* **What you have to do**
Reproduce every entry exactly as shown.

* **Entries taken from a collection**
+--
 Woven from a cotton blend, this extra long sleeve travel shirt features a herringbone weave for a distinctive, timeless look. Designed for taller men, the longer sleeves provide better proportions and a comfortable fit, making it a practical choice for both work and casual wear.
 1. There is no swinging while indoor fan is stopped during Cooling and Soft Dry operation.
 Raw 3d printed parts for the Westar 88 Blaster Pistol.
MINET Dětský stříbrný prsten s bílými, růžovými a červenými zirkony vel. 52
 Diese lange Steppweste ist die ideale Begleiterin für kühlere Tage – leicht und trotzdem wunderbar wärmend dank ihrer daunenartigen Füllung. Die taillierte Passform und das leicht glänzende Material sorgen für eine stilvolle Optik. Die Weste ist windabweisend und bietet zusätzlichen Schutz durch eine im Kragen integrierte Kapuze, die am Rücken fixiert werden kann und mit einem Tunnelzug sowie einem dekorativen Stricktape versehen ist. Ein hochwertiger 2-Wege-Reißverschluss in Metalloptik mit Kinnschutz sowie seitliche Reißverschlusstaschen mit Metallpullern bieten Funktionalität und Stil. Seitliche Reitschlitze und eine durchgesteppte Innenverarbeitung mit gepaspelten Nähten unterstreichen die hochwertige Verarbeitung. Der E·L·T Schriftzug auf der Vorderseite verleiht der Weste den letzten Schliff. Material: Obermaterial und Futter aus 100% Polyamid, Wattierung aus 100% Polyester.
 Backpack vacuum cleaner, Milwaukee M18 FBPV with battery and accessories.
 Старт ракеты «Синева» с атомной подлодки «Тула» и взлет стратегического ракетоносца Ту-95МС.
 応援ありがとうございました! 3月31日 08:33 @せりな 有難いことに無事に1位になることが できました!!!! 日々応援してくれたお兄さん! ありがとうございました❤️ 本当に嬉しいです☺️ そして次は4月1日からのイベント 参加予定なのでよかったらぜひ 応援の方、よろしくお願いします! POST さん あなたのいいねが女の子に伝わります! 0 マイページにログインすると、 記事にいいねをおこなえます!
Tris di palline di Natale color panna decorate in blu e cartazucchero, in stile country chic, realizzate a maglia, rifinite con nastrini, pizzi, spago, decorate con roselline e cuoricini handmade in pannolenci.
+--
* **Task answer**
 Woven from a cotton blend, this extra long sleeve travel shirt features a herringbone weave for a distinctive, timeless look. Designed for taller men, the longer sleeves provide better proportions and a comfortable fit, making it a practical choice for both work and casual wear.
 1. There is no swinging while indoor fan is stopped during Cooling and Soft Dry operation.
 Raw 3d printed parts for the Westar 88 Blaster Pistol.
MINET Dětský stříbrný prsten s bílými, růžovými a červenými zirkony vel. 52
 Diese lange Steppweste ist die ideale Begleiterin für kühlere Tage – leicht und trotzdem wunderbar wärmend dank ihrer daunenartigen Füllung. Die taillierte Passform und das leicht glänzende Material sorgen für eine stilvolle Optik. Die Weste ist windabweisend und bietet zusätzlichen Schutz durch eine im Kragen integrierte Kapuze, die am Rücken fixiert werden kann und mit einem Tunnelzug sowie einem dekorativen Stricktape versehen ist. Ein hochwertiger 2-Wege-Reißverschluss in Metalloptik mit Kinnschutz sowie seitliche Reißverschlusstaschen mit Metallpullern bieten Funktionalität und Stil. Seitliche Reitschlitze und eine durchgesteppte Innenverarbeitung mit gepaspelten Nähten unterstreichen die hochwertige Verarbeitung. Der E·L·T Schriftzug auf der Vorderseite verleiht der Weste den letzten Schliff. Material: Obermaterial und Futter aus 100% Polyamid, Wattierung aus 100% Polyester.
 Backpack vacuum cleaner, Milwaukee M18 FBPV with battery and accessories.
 Старт ракеты «Синева» с атомной подлодки «Тула» и взлет стратегического ракетоносца Ту-95МС.
 応援ありがとうございました! 3月31日 08:33 @せりな 有難いことに無事に1位になることが できました!!!! 日々応援してくれたお兄さん! ありがとうございました❤️ 本当に嬉しいです☺️ そして次は4月1日からのイベント 参加予定なのでよかったらぜひ 応援の方、よろしくお願いします! POST さん あなたのいいねが女の子に伝わります! 0 マイページにログインすると、 記事にいいねをおこなえます!
Tris di palline di Natale color panna decorate in blu e cartazucchero, in stile country chic, realizzate a maglia, rifinite con nastrini, pizzi, spago, decorate con roselline e cuoricini handmade in pannolenci.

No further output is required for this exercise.